President of FK Partizan
- Incumbent
- Assumed office 22 October 2024
- Preceded by: Milorad Vučelić

Deputy Prime Minister of Serbia
- In office 27 July 2012 – 28 October 2020
- Prime Minister: Ivica Dačić Aleksandar Vučić Ivica Dačić (Acting) Ana Brnabić
- Preceded by: Verica Kalanović
- Succeeded by: Branko Ružić Maja Gojković Branislav Nedimović

Minister of Trade, Tourism and Telecommunications
- In office 27 July 2012 – 28 October 2020
- Prime Minister: Ivica Dačić Aleksandar Vučić Ivica Dačić (Acting) Ana Brnabić
- Preceded by: Dušan Petrović (Trade) Milutin Mrkonjić (Telecommunications)
- Succeeded by: Tatjana Matić

Minister of Labour and Social Policy
- In office 15 May 2007 – 27 July 2012
- Prime Minister: Vojislav Koštunica Mirko Cvetković
- Preceded by: Slobodan Lalović
- Succeeded by: Jovan Krkobabić

Minister of Human and Minority Rights of Serbia and Montenegro
- In office 17 March 2003 – 3 June 2006
- President: Svetozar Marović

Minister of National and Ethnic Communities of FR Yugoslavia
- In office 4 November 2000 – 7 March 2003
- President: Vojislav Koštunica
- Prime Minister: Zoran Žižić Dragiša Pešić

Personal details
- Born: 28 January 1964 (age 62) Novi Pazar, SR Serbia, SFR Yugoslavia
- Party: Social Democratic Party of Serbia (2008–)
- Other political affiliations: Sandžak Democratic Party (1993–) Party of Democratic Action of Sandžak (1990–1993)
- Education: University of Sarajevo
- Occupation: Politician
- Profession: Physician

= Rasim Ljajić =

Serbian politician (born 1964)

Rasim Ljajić (Note: Расим Љајић, /sh/) (born 28 January 1964) is a Serbian politician and sports administrator who currently serves as president of FK Partizan.

A prominent Bosniak politician from Novi Pazar and president of Social Democratic Party of Serbia, he served in multiple ministerial positions of the Government of Serbia from 2000 to 2020. Following the overthrow of Slobodan Milošević, he first served as Minister of Human and Minority Rights of FR Yugoslavia/Serbia and Montenegro from 2000 to 2006. Ljajić was also the president of the National Council for Cooperation with the Hague Tribunal.
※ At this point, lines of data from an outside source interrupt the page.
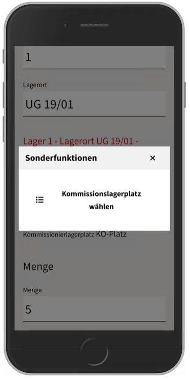 Der Kommissionslagerplatz kann während der Kommissionierung noch geändert werden, indem nach dem Scan eines Artikels im Abschnitt "Kommissionslagerplatz" das Kontextmenü
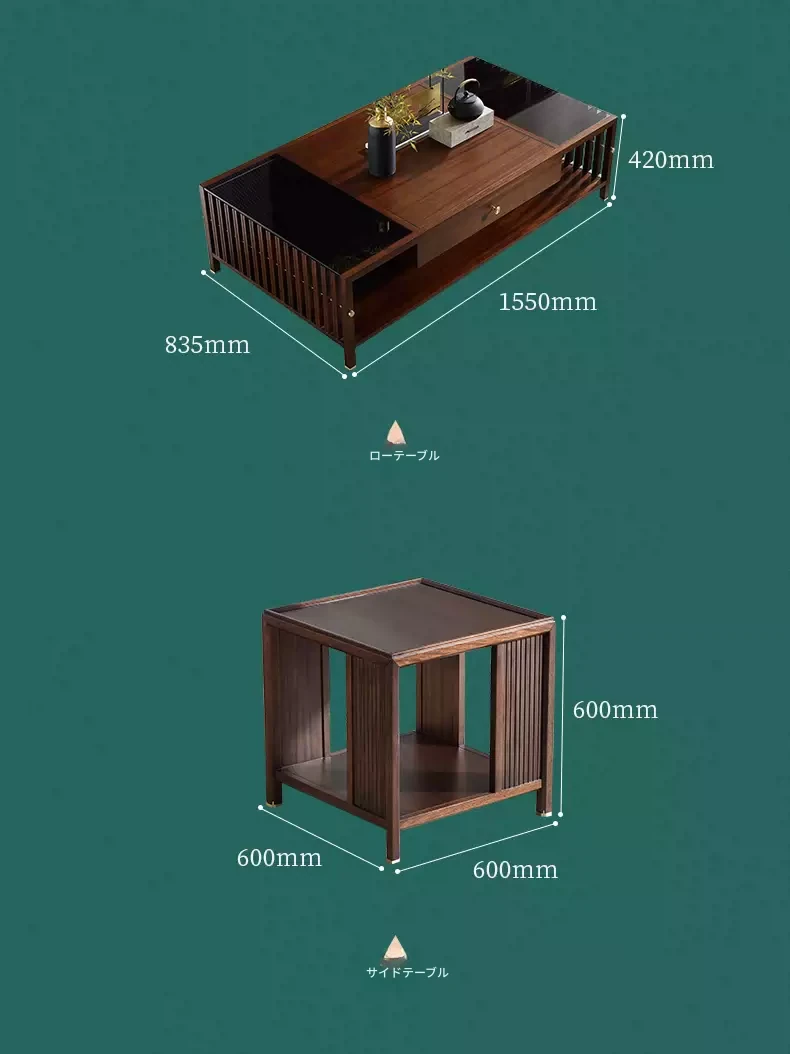 ラグジュアリー新中式/エボニーウッド 無垢材スクエアテーブル*2
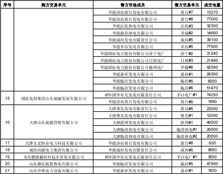 山東2017年10月份電力直接交易(雙邊協(xié)商)結(jié)果公布
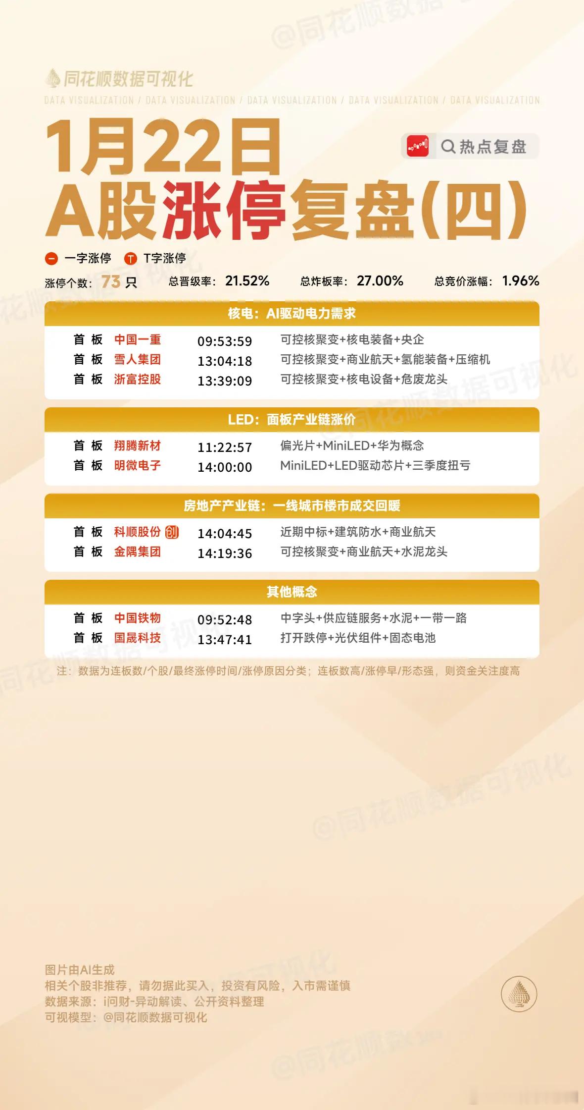 1月22日复盘:国晟科技、白银有色、中国长城、雪人集团、巨力索具隔日走势的一些看
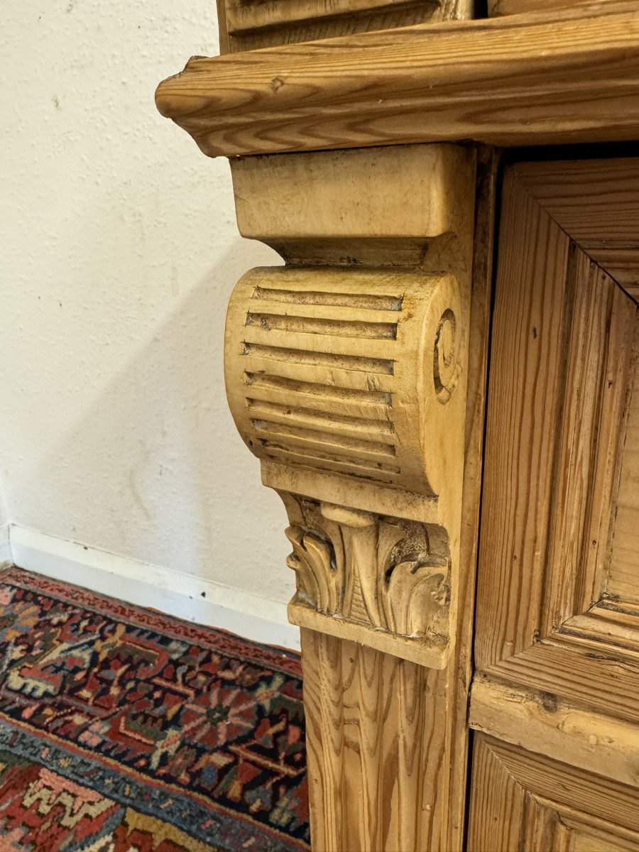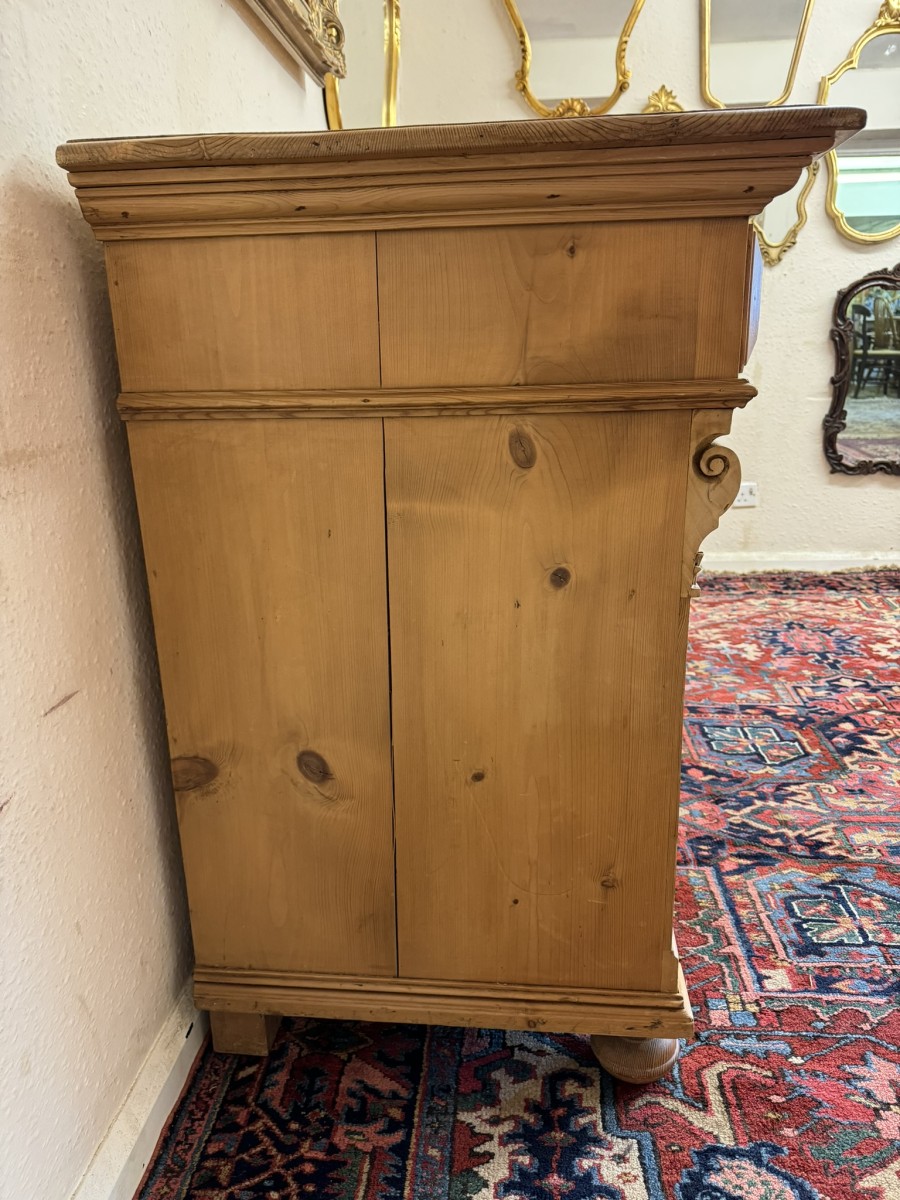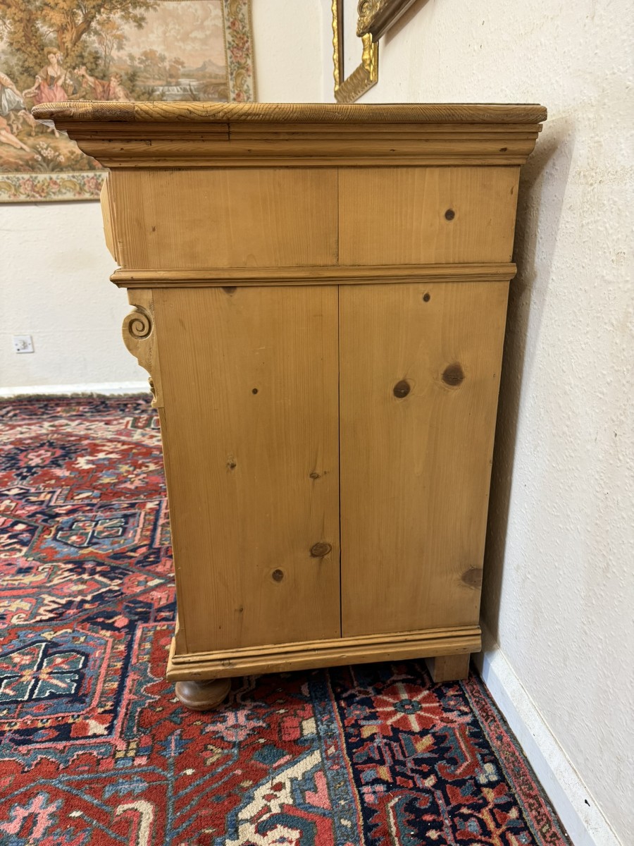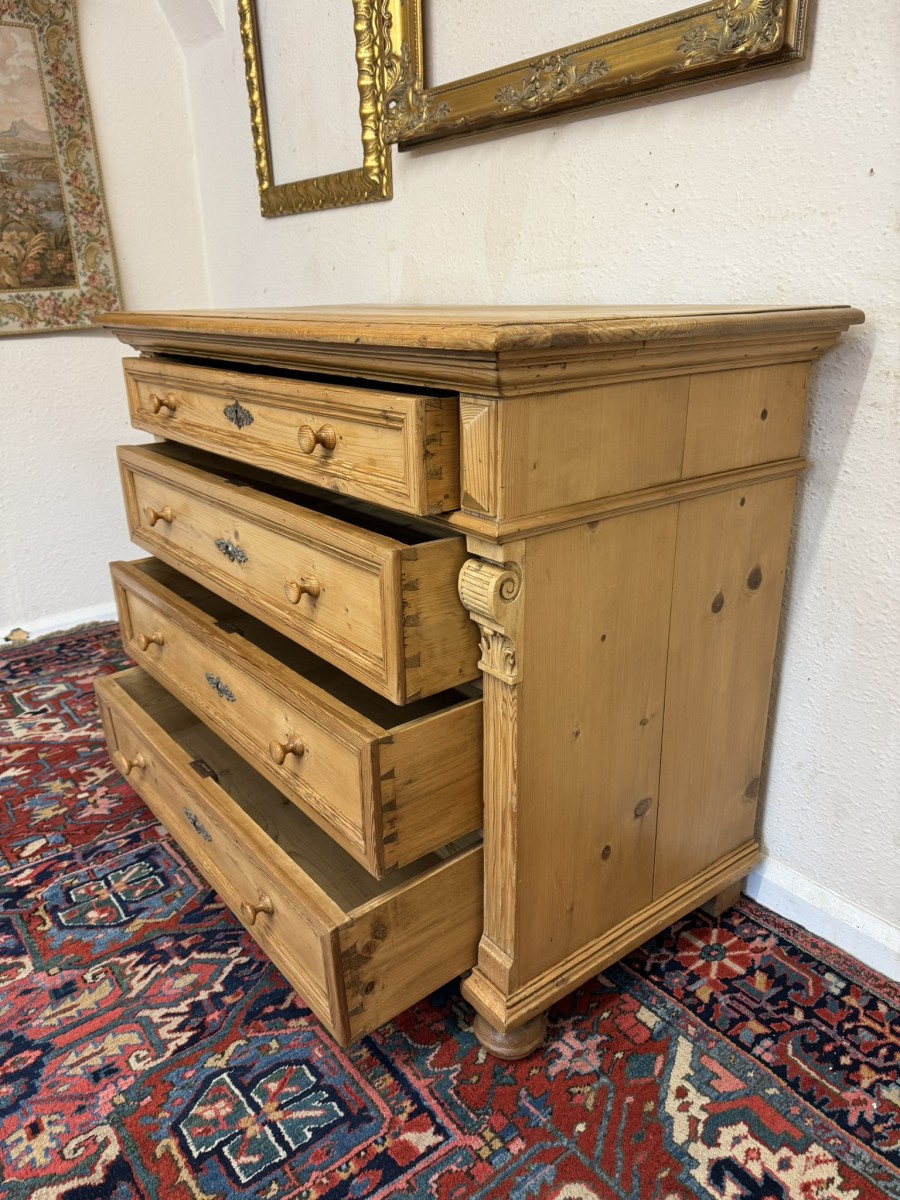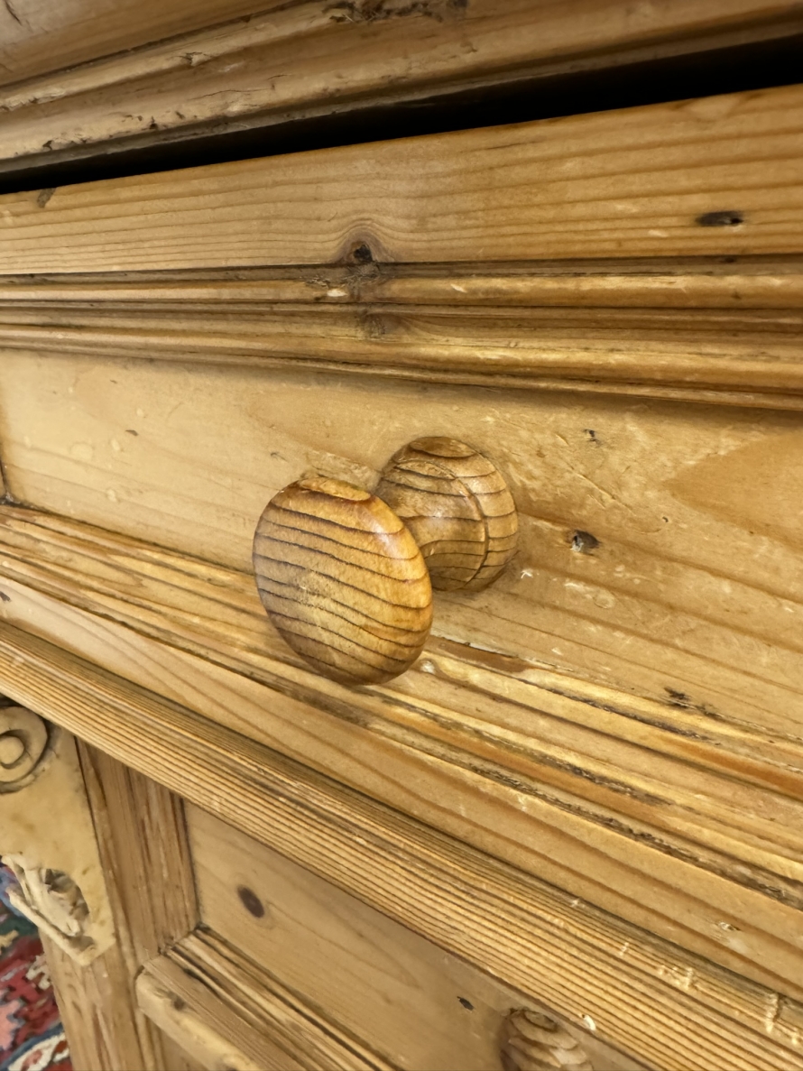 The chest dates circa 1920. Made in pine with age-related wear which gives a fabulous look. The oversailing top sits above four drawers, each drawer with a pair of turned knob handles. The drawers are flanked by a pair of decorative scrolls. This fantastic chest stands on turned feet to the front.
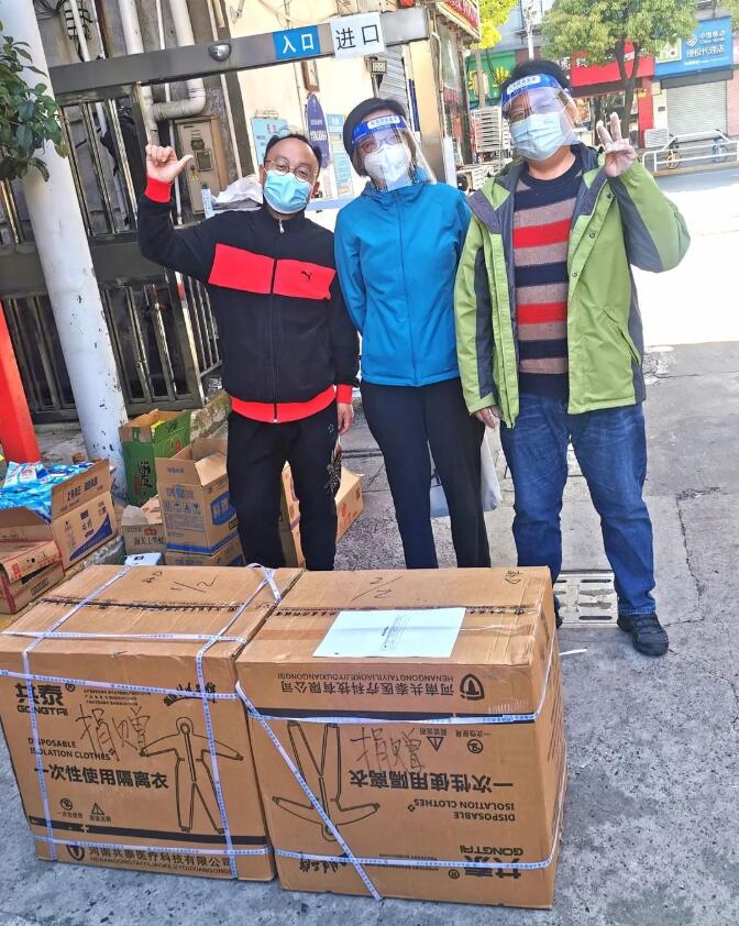 4月16日、17日,兩批包含161件一次性隔離服,162件隔離面罩,67套防護服、67個護目鏡等,總價值8000余元的防護物資送往寶山區淞南四村居委會。這些就是連日來居民自發拼單團購,為沖鋒小區一線的志愿者和居委、物業工作人員送上的愛心和力量。
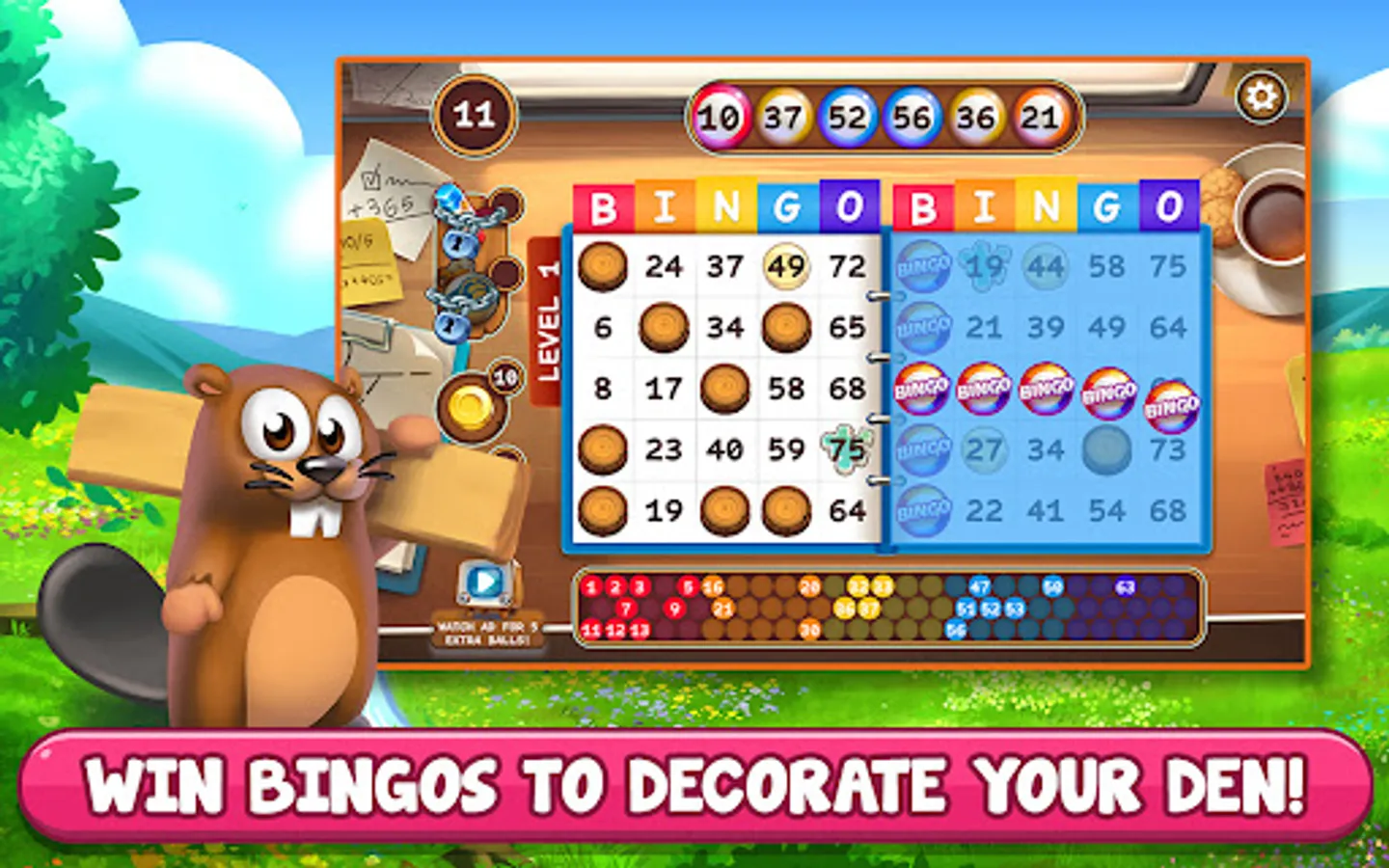 Mansion? Oh yes, this beaver loves playing bingo and won’t accept a modest burrow for a home. He wants to build the biggest dam house ever! Play bingo and help him decorate the living room, kitchen, game room, bedroom, etc…
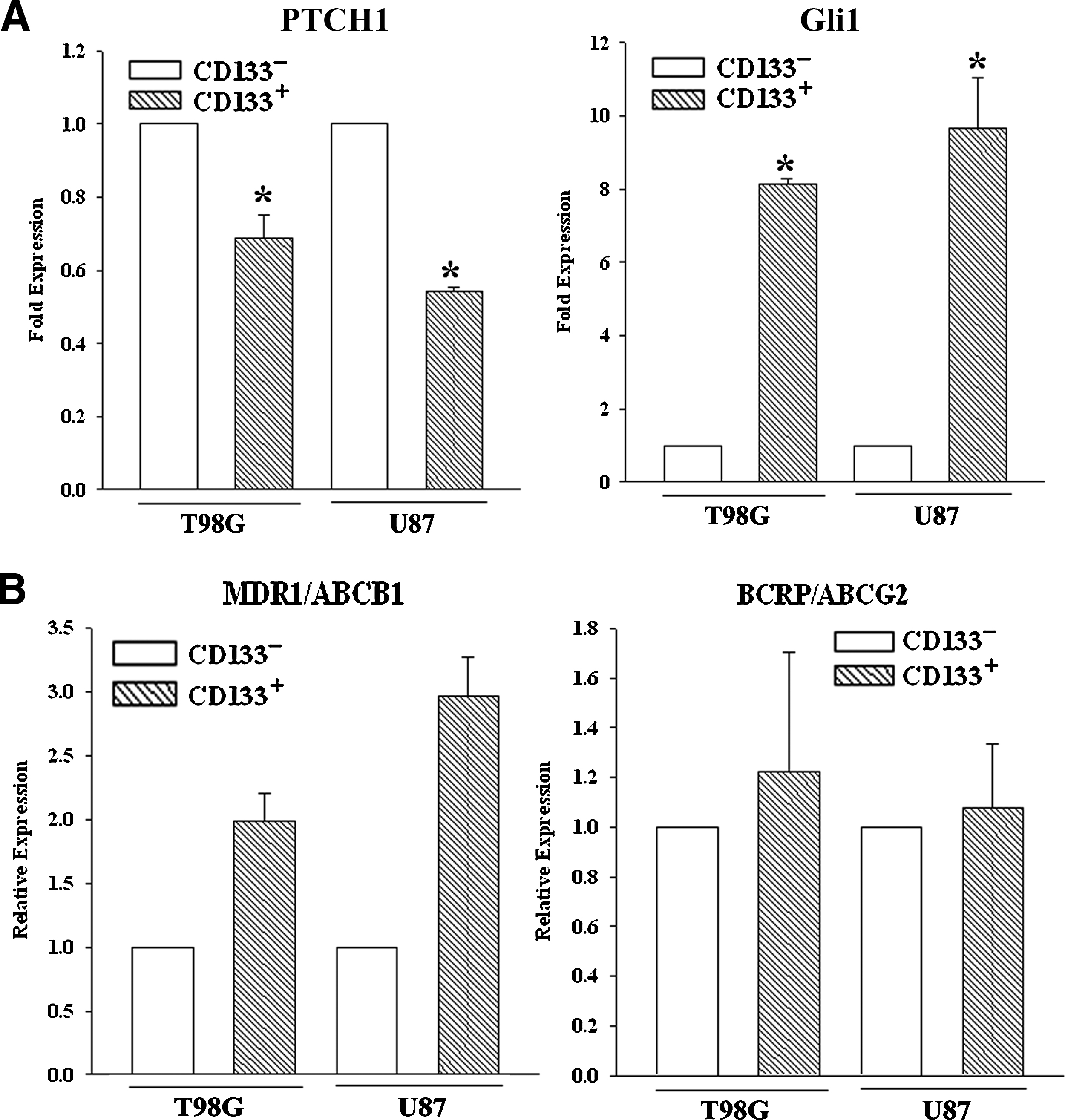 Figure 4. SHH signaling and ABC transporter in CD133+ cells. CD133+ sorted U87 and T98G cells were analyzed by real time PCR for Gli1 and PTCH1 (A) and, the ABC transporters, MDR1 and ACBG2 (B). |

From 2007 to 2012, he served as Minister of Labour, Employment, Veteran and Social Policy.

From 2012 to 2020, he served as both the Deputy Prime Minister of Serbia and the Minister of Trade, Tourism and Telecommunications.

As of October 2024 he has served as president of FK Partizan.

==Education==
Ljajić was born in Novi Pazar to a Bosniak Muslim family. After finishing high school, he graduated from the University of Sarajevo School of Medicine.

==Political career==
In 1990, Ljajić was elected Secretary General of the Party of Democratic Action of Sandžak as one of its founders, a branch of the SDA in the Republic of Bosnia and Herzegovina, aimed at gathering Bosniaks in Serbia. In 1993 he left the party and with dissidents formed the Sandžak Democratic Party, criticizing Sulejman Ugljanin for being an extremist and endorsing separatism from Yugoslavia in an effort to join an enlarged Bosnia dominated by Bosnian Muslims.

One of the Democratic Opposition of Serbia leaders, he became Minister of Human and Minority Rights in 2000 after the fall of Slobodan Milošević, and his mandate as a minister was extended in the rump DS-led 2001 government.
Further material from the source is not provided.